The principle of giving the air a spiral vortex movement increases the size of the air by the air flow entrained particles traveled path, which is a corresponding increase in the active drying time

An advantageous variant that is a further extension the drying time and thus a further improvement in efficiency is shown in FIG. 2 shown.

While with the in F i g. 1, the diameter of the chamber B is equal to that of the chamber C (and consequently that of the supporting screen E) \ s \, the diameter of the chamber B is the same as in FIG. 2 variants shown in the upper part about twice as large. This upper part of the chamber is connected to the chamber level in which the sieve is located via a frustoconical section 3. This gives the dry air a reverse "cyclonic" flow.

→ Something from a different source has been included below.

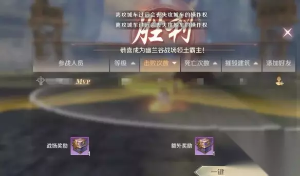 1.胜利方奖励 城战胜利方参与城战所有帮派成员必得3级降魔印章20个和帮贡45点,可随机获得黑暗降魔印章1个。 2.失败方奖励 城战失败方参与城战所有帮派成员必得3级降魔印章10个和帮贡25点。 3.MVP奖励 城战表现的MVP必得3级降魔印章10个和帮贡25点。 4.领地日俸禄 成功占领1级领土的帮派,每个帮派成员,可在本周日~下周六每天获得幸运灵符1个、2级黑暗印章20个、绑定藏宝图2张、元神丹2个、聚元石2个、银元宝100。 成功占领2级领土的帮派,每个帮派成员,可在本周日~下周六每天获得幸运灵符1个、2级黑暗印章15个、绑定藏宝图2张、元神丹2个、聚元石2个。 成功占领3级领土的帮派,每个帮派成员,可在本周日~下周六每天获得幸运灵符1个、2级黑暗印章10个、绑定藏宝图2张、元神丹2个。 如果中途因为帮派资金不足导致的领土丧失,是不能够获得后续的奖励的。 5.帮派可拍卖奖励 占领或成功守卫1级领土的帮派,必得黑暗降魔印章7个和1级元麟3个;占领或成功守卫2级领土的帮派,必得黑暗降魔印章5个和1级元麟2个;占领或成功守卫3级领土的帮派,必得黑暗降魔印章3个和1级元麟1个。 所得奖励进入拍卖行拍卖后,由出价最高的本帮派成员获得,拍卖所得收益由系统自动分配给本帮派参与城战的成员。 参与城战无论胜负皆可获得声望奖励,成功占领领土还可能获得独占称号和每日声望奖励;占领了二级领土或者一级领土的帮主还会有酷炫称号。各位修真者为了这些丰富的奖励,在城战中一定要加倍努力哦。 声望奖励:降魔·黑暗印章,使用后获得500点声望;2级黑暗印章,使用后获得4点声望。声望可以用来晋升军衔。 更多城战TIPS 1、领土放弃:在宣战,和战场期间以外,可以主动放弃部分领土来达到自己的战略目标。 2、领土维护:成功占领了领土的帮派每天都要消耗一定的帮派资金来对领土进行维护,当维护费不足的时候会自动放弃占领对应的领土。 3、修真者对塔造成的伤害极低,只有攻城车能造成可观伤害。建议坦克妖兽(妖兽打啥都是第一个呢)在前面开路,带着攻城车来到对方塔下,和后排输出一起集中火力迅速打掉塔。 4、在城战过程中,只要对方阵营任何一路防御塔比我们更快的崩掉,那就意味着我方已经占据了极大的优势。 5、都说艺高人胆大,自信的修真者也可以尝试在不怕队友喷的情况下浪一波,单独行动找刺激,也许会有意想不到的收获和惊喜哦。 6、帮派斗争瞬息万变,稍有不慎,付出的代价就是土地!通常在帮派出价环节时,“江湖”上会大量存在着“007”,各帮派为了摸清对手的出价“不择手段”也是常规操作。大家要谨慎小心哦~ 以上便是小编为大家带来的完美世界手游城战系统攻略详解,希望能帮到各位玩家。

The air emanating from the layer of powdery material expands and slows down the upward rotational movement, whereby the contact time with the material carried along is further increased. Otherwise, the principle according to which the dry particles are collected in the central area of the housing B remains unchanged.

1 sheet of drawings

Claims (3)

Patent claims: 1. Device for drying or for drying and sifting powdery !! Material by means of a pressurized airflow, with a carrying screen to which the material to be treated can be applied and through which the im essential rotationally symmetrical housing of the device divided into an upper and a lower chamber is, with an inlet line opening into the lower chamber of the housing for feeding the Airflow, as well as with an outlet line opening into the upper chamber of the housing for the discharge of the air flow and for the discharge of the dried and possibly sifted material, characterized in that,
that the inlet line in the lower chamber (C) opens into at least one tangentially directed nozzle (9), so that the compressed air supplied in this lower chamber (C) circulates in a known manner with a centrifugal movement and executes an upward helical movement , that the compressed air with this helical movement penetrates the said carrying screen (E) and thereby carries away at least part of the material carried by it,
that the outlet line (22) is arranged with the opening pointing downwards coaxially in the upper chamber (B) , and that at least one deflection wall (30) is provided which, together with the opening of the outlet line (22) in the central region of the upper chamber (B), delimits an at least approximately annular suction slot through which the helical air movement is given a centripetal component through which the material carried along by the air stream is brought into the mouth region of the outlet line (22). 2. Device according to claim 1, characterized in that that said opening of the outlet line (22) is assigned a frustoconical cap (28), which is arranged coaxially to the rotationally symmetrical housing, and that the support screen (E) in its area aligned with this cap (28) has a zone (15) which is impermeable to the passage of air in the area of a conical deflecting wall (30) and whose axis coincides with the axis of the housing (2 ) coincides, while its open side is aligned with the opening of the cap (28) and together with it delimits the aforementioned approximately annular suction slot. 3. Apparatus according to claim 2, characterized in that the distance between the conical deflecting wall (30) of the frustoconical cap (28) determined and changeable by adjustable elements (32) is.